In Python, I often find myself implementing the same pattern: count the number of "valid" iterations while processing within a loop, where an "invalid" iteration is skipped over with a continue statement. I use the continue statement instead of if-else blocks to improve readability. Essentially, I do the following:

count = 0
for item in collection:
    do_something_1(item)
    if not evaluate_some_condition(item):
        continue
    count += 1
    do_something_2(item)
return count

There are several nifty tricks one can use to implement similar patterns in a Pythonic manner. For example, enumerate, continue, break, for-else, and while-else come to mind. I am looking for a Pythonic construct to implement the scenario described above.

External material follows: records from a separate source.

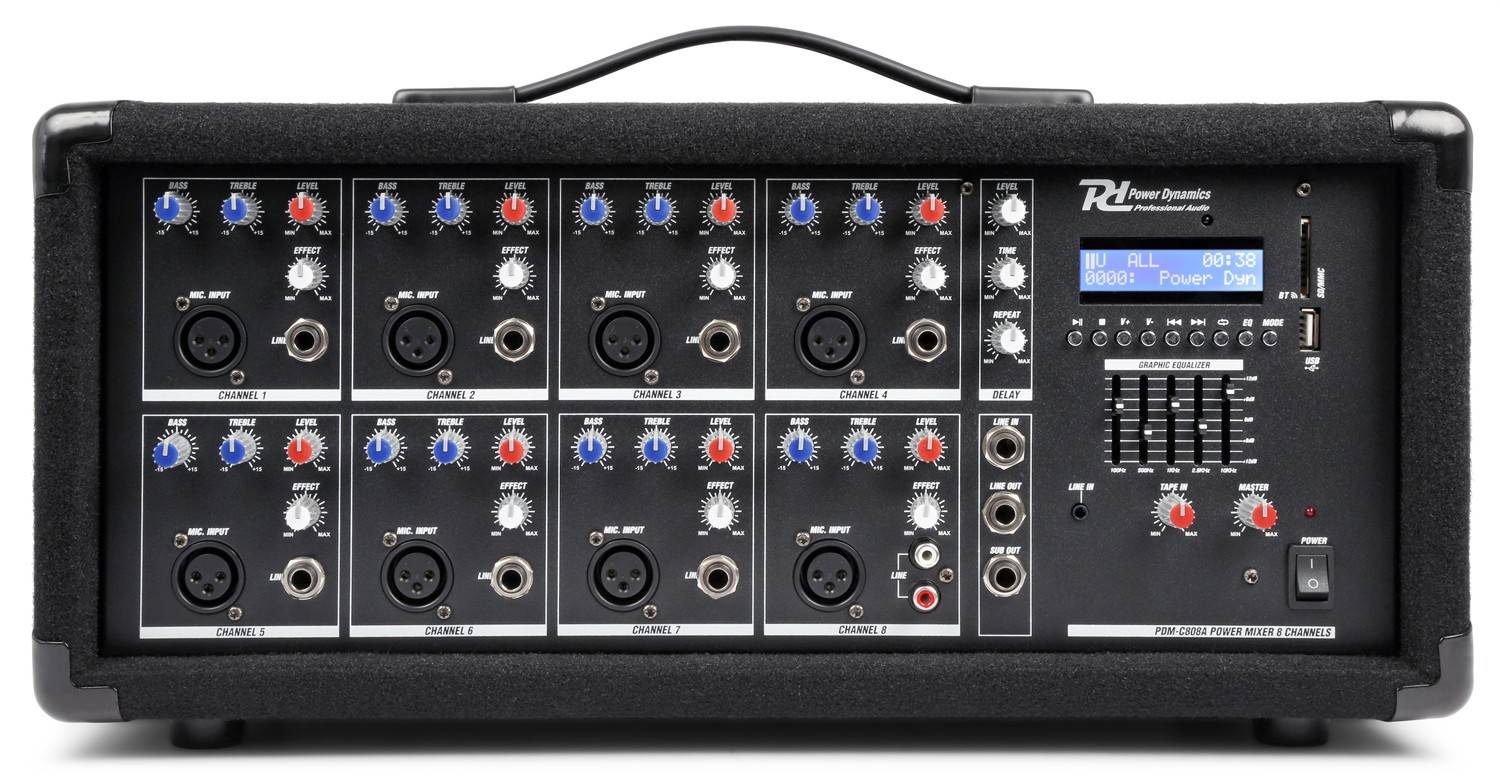 POWER DYNAMICS AKTIVNA MEŠALNA MIZA PDM-C805A 171.159 iz kategorije Mešalne mize z ojačevalnikom sodi med odlične Mešalne mize.Playback options BT Streaming, SD-Card, USB Input Co ...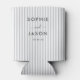 Modern Simple Elegant Wedding Script Striped Can Cooler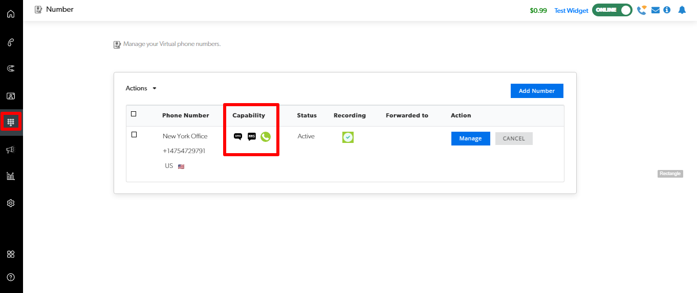 Identify the number in question. It's SMS and MMS capabilities will be displayed.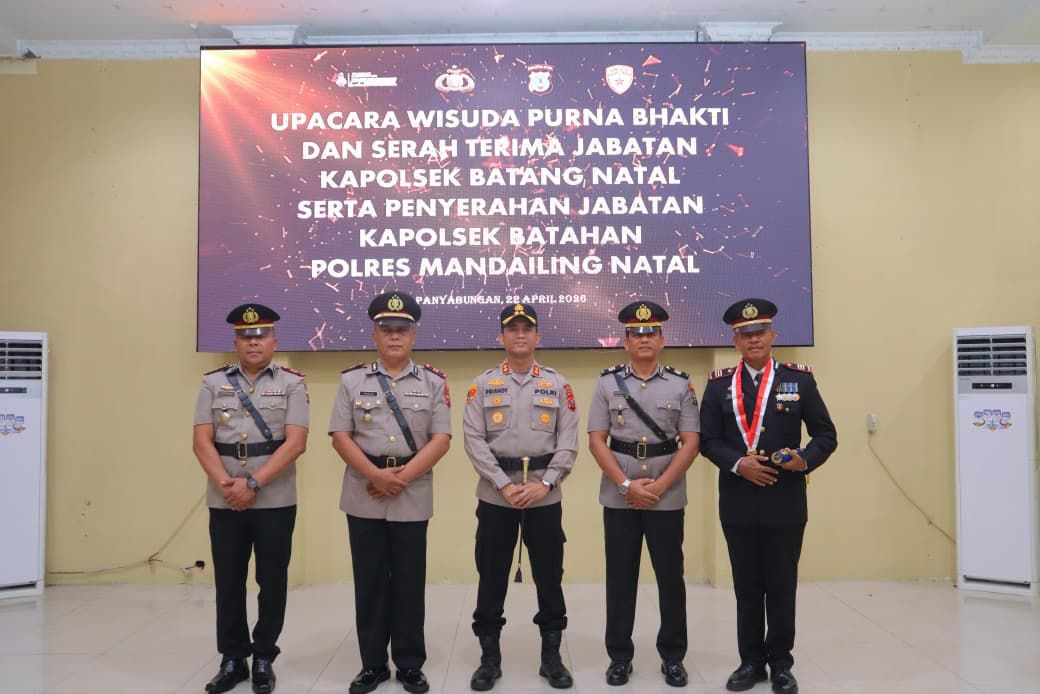MNC Trijaya Mandailing Natal (22/04) (Panyabungan) – Kepolisian Resor (Polres) Mandailing Natal menggelar upacara Wisuda Purna Bakti, serah terima jabatan (sertijab), serta penyerahan jabatan di Aula Pesat Gatra Polres Madina, Rabu (22/4/2026) pagi. Kegiatan ini menjadi bagian dari pembinaan organisasi sekaligus bentuk penghargaan atas pengabdian personel Polri.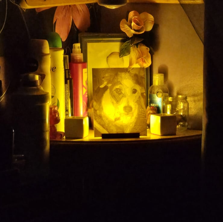 This was a custom order from a Friend who sadly lost her Dog recently, and found it hard to cope. I offered to make this Lithophane for her, and She loved it so much, it made her emotional. and she showed it to her friends who also loved it. and asked where they could get similar.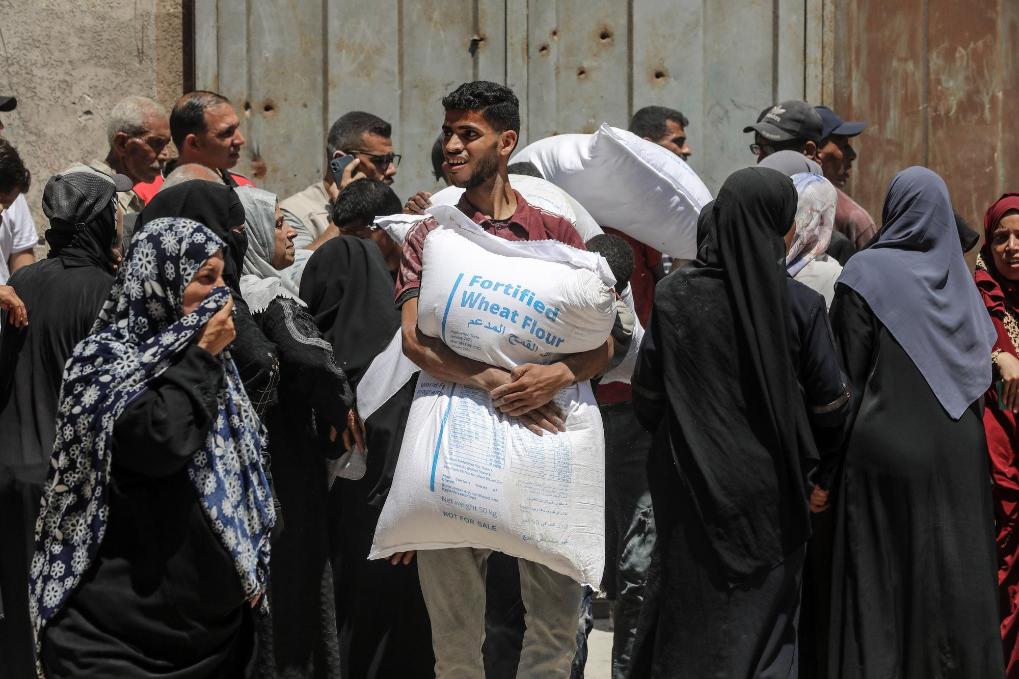 6月26日,巴勒斯坦人在加沙城领取援助物资。新华社发(里泽克·阿卜杜勒贾瓦德摄)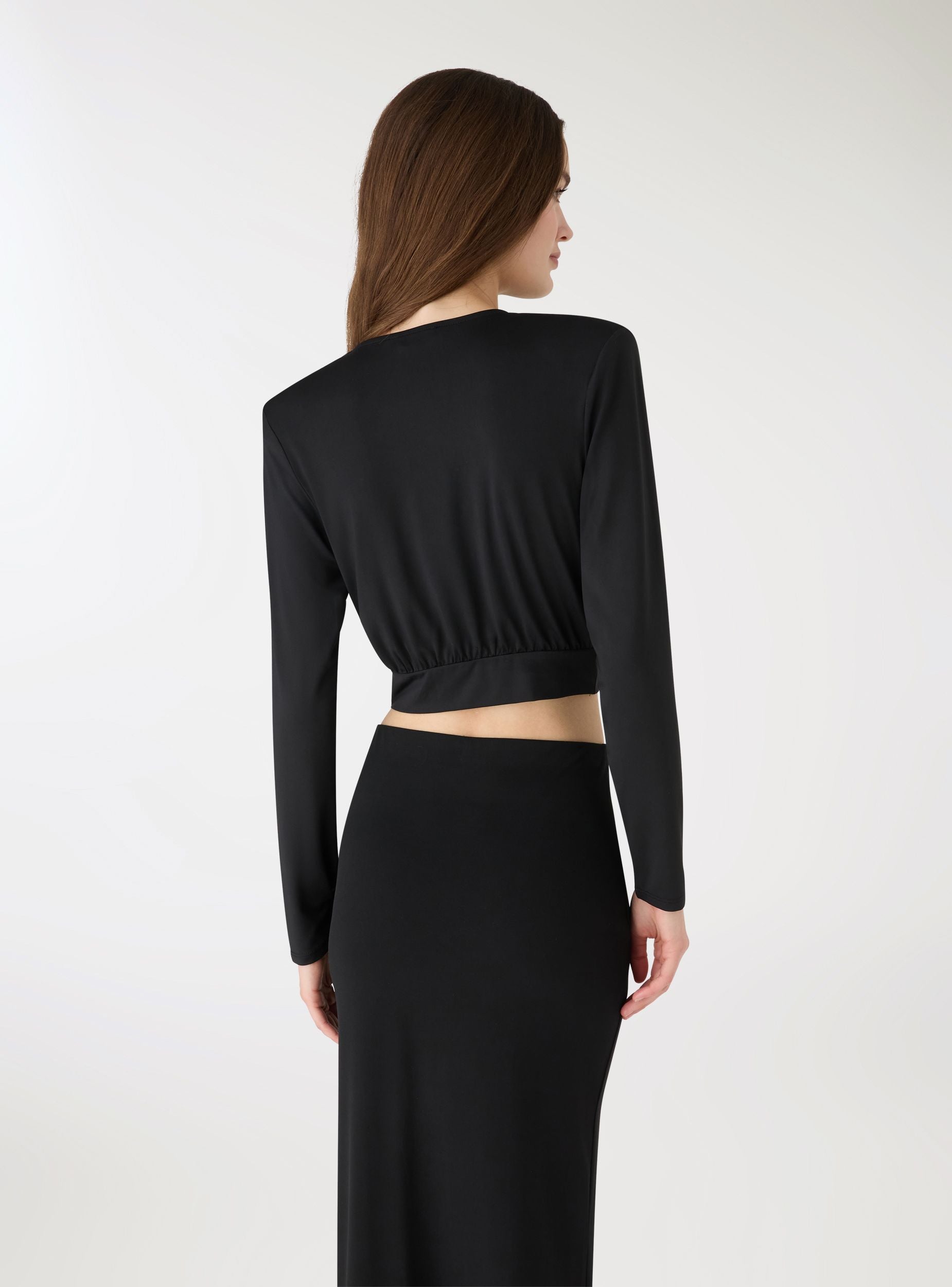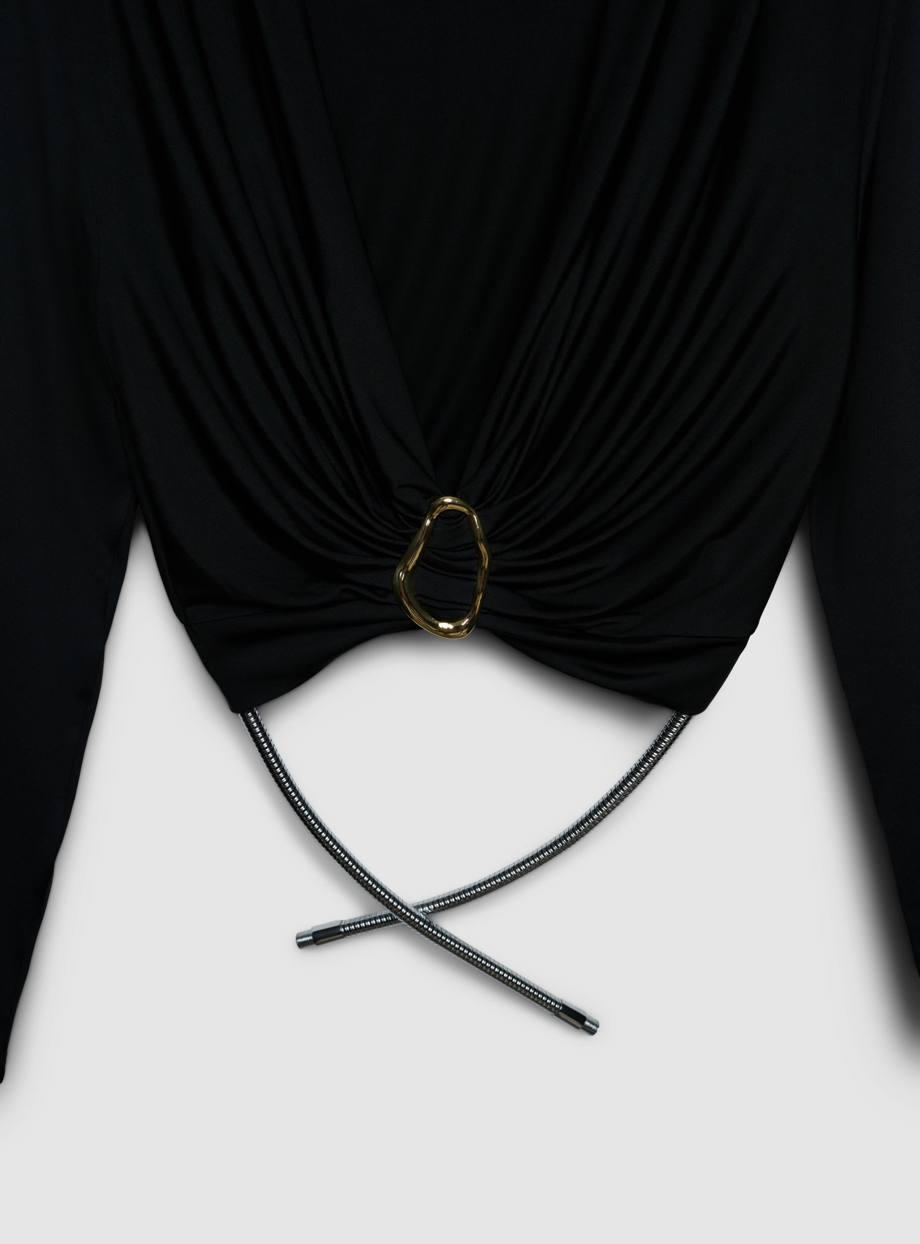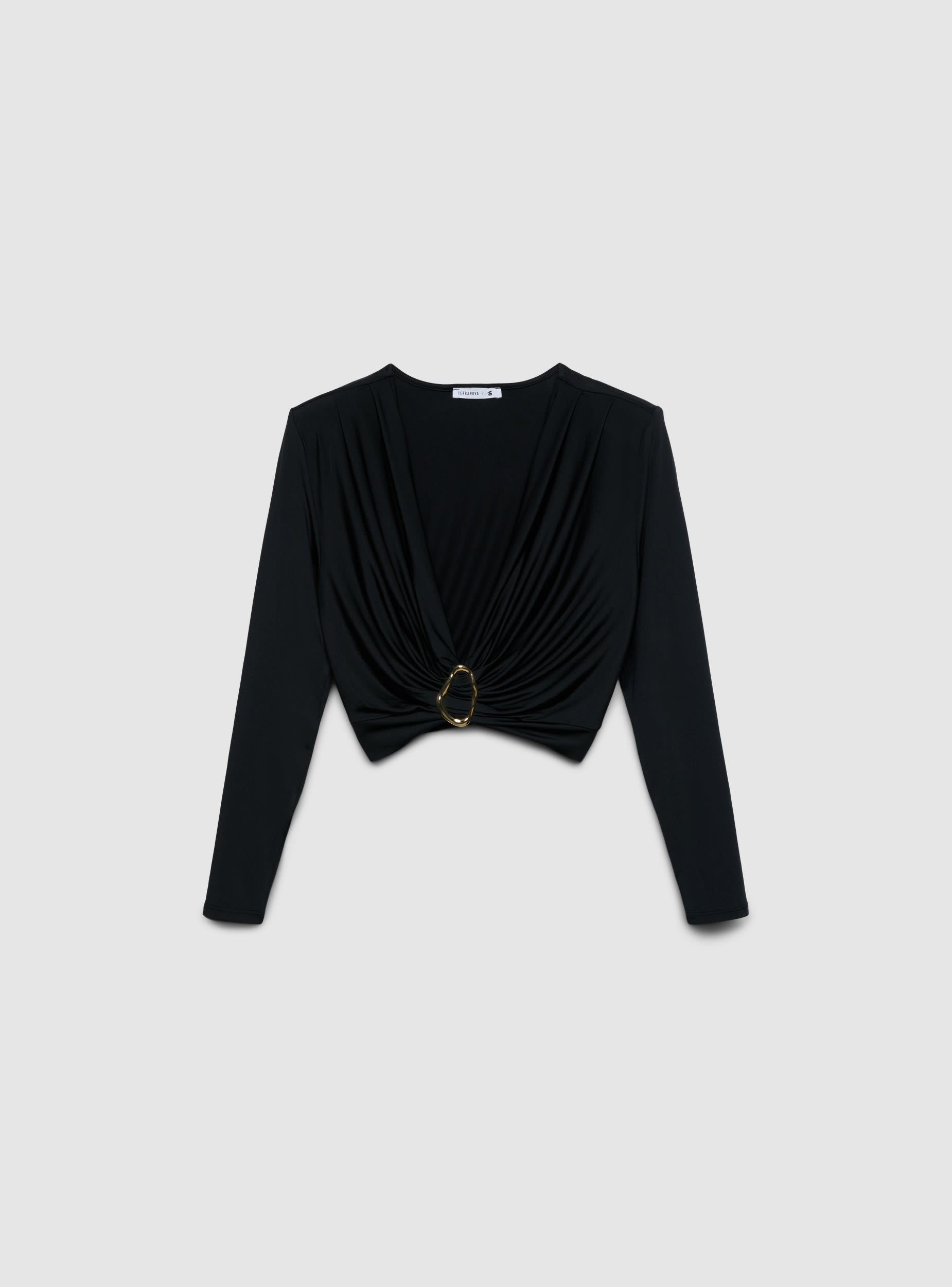 Maglietta da donna a maniche lunghe con vestibilità crop, perfetta per look serali o outfit trendy con jeans a vita alta o gonne midi. Davanti presenta scollo a V incrociato con arriccio e anello decorativo metallico, mentre il retro è liscio. Design a tinta unita.Dettagli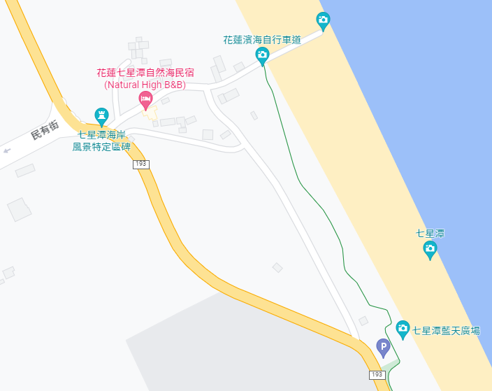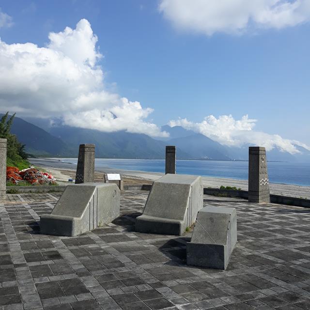 七星潭濱海自行車道地圖,來到北端就是七星亭觀海平台跟曼波魚石像。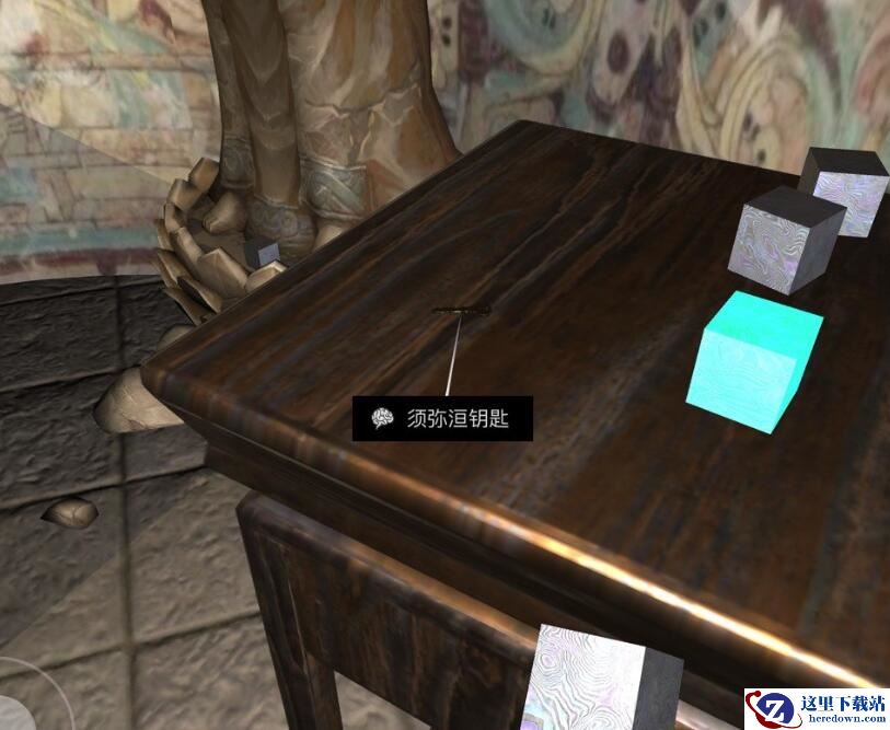 须弥洹钥匙:索位于铁块里面,当再次点击铁块的时候,铁块有一面是有字的,根据佛教五戒,选择“语酒淫杀盗”,打开获得钥匙。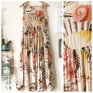Antica Sartoria Positano Seashell Print Sleeveless Tiered A-Line Maxi Dress S/M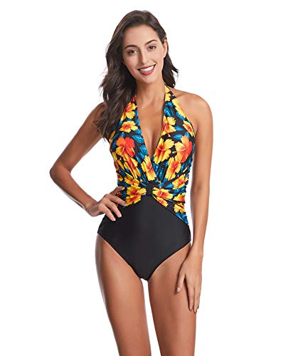Bmeigo Donna Un Pezzo Costumi Interi da Bagno Monokini Halter Strap Floreale Leopardo Stampa Cinghietti Beachwear Nero Giallo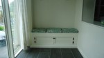 Very simple, just 2X4s for the frame, MDF for the sides, a melamine shelf for the top, a coat of paint and some outdoor chair cushions.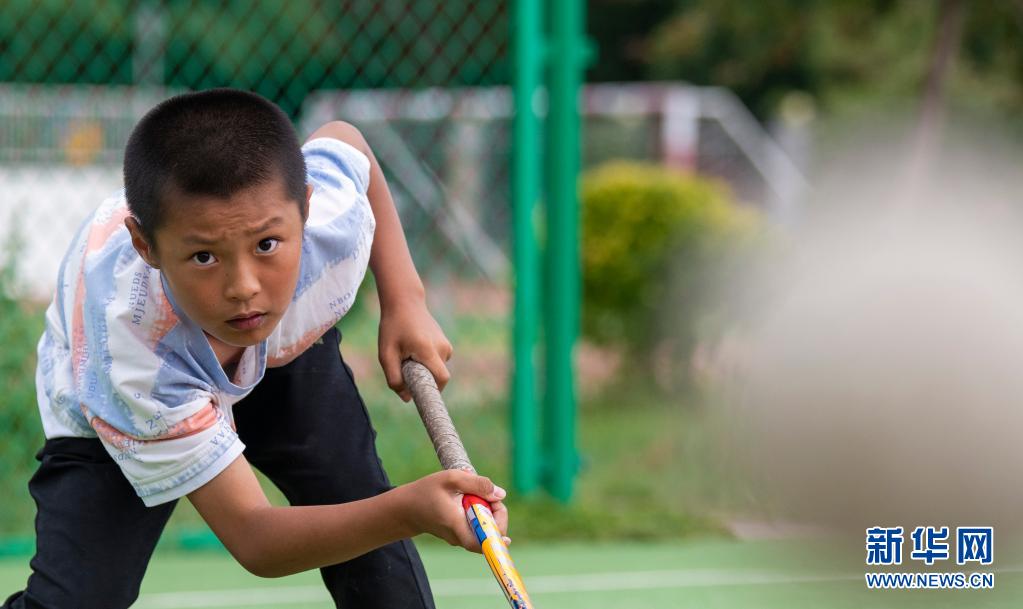 塔城市第二小學(xué)曲棍球隊(duì)的小隊(duì)員申世豪在訓(xùn)練中(6月11日攝)。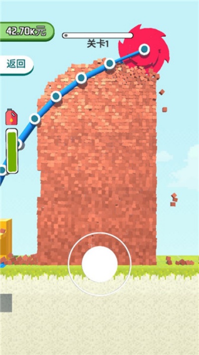 3、进入关卡后操控设备对墙体进行挖掘与破坏,逐步完成拆除目标。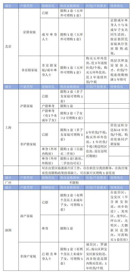 以下是澎湃新闻梳理的一线城市目前仍在执行的购房政策(政策未涉及企业、港澳台、外籍人士等):

This works (below) but would require the evaluate_some_condition function be executed twice for every element, which can sometimes be unacceptable (it is also less readable in my opinion):

count = sum(1 for item in collection if not evaluate_some_condition(item))
for item in collection:
    do_something_1(item)
    if not evaluate_some_condition(item):
        continue
    do_something_2(item)
return count

Some construct like the below would be ideal:

for count, item in uninterrupted_enumerate(collection):
    do_something_1(item)
    if not evaluate_some_condition(item):
        continue
    do_something_2(item)
return count

Any ideas of a built-in Python feature, third-party feature, or future plans to include such a feature?

Answer 1

No, I think the very first version:

count = 0
for item in collection:
    do_something_1(item)
    if not evaluate_some_condition(item):
        continue
    count += 1
    do_something_2(item)
return count

is pretty much how it is done and it very obvious (i.e. readable) what is happening. If you compare it with your last version, where it would be very unclear that any counting is happening. If you really want to solve it that way, you could always increase some global variable within the evaluate_some_condition function, depending whether the internal check was successful or not. But again, this is probably less readable than your first version.

Answer 2

I think the most interesting alternative is to use decorators. Because this was described in a different post, I will simply provide the link: https://stackoverflow.com/a/44969343/8033585

Another alternative is to use classes. For example:

class Doer2:
    def __init__(self):
        self.count = 0
    def __call__(self, item):
        self.count += 1
        # put here the code from 'do_something_2()'
        ....

Then:

doer2 = Doer2()
for item in collection:
    do_something_1(item)
    if not evaluate_some_condition(item):
        continue
    doer2(item)

return doer2.count

Answer 3

Here is a solution using decorators:

from typing import Callable


def do_something_1(item) -> None:
    ...


def do_something_2(item) -> None:
    ...


def evaluate_some_condition(item: int) -> bool:
    return item % 2 == 0


def count_complete_iterations(
        process_item: Callable[..., bool]
) -> Callable[..., int]:
    count = 0
    def wrapper(*args, **kwargs) -> int:
        nonlocal count
        if process_item(*args, **kwargs):
            count += 1
        return count
    return wrapper


@count_complete_iterations
def process_int(item: int) -> bool:
    do_something_1(item)
    if not evaluate_some_condition(item):
        return False
    do_something_2(item)
    return True


collection = range(10)
for item in collection:
    count = process_int(item)
print(count)  # Prints 5

Here, do_something_1 and do_something_2 do nothing; evaluate_some_condition returns True if the item is even and False if it is odd; count_complete_iterations is a decorator function that returns the most up to date count of the number of times the process_item returns True; process_int is the inner part of the for loop for-loop, where continue statements have been replaced with return False to indicate an invalid item.

Pros are that it is slightly more concise. Cons are that it is significantly less transparent and the logic within the loops needs to be placed in its own function. I'd say this is probably a bad solution, but it is interesting to consider none the less.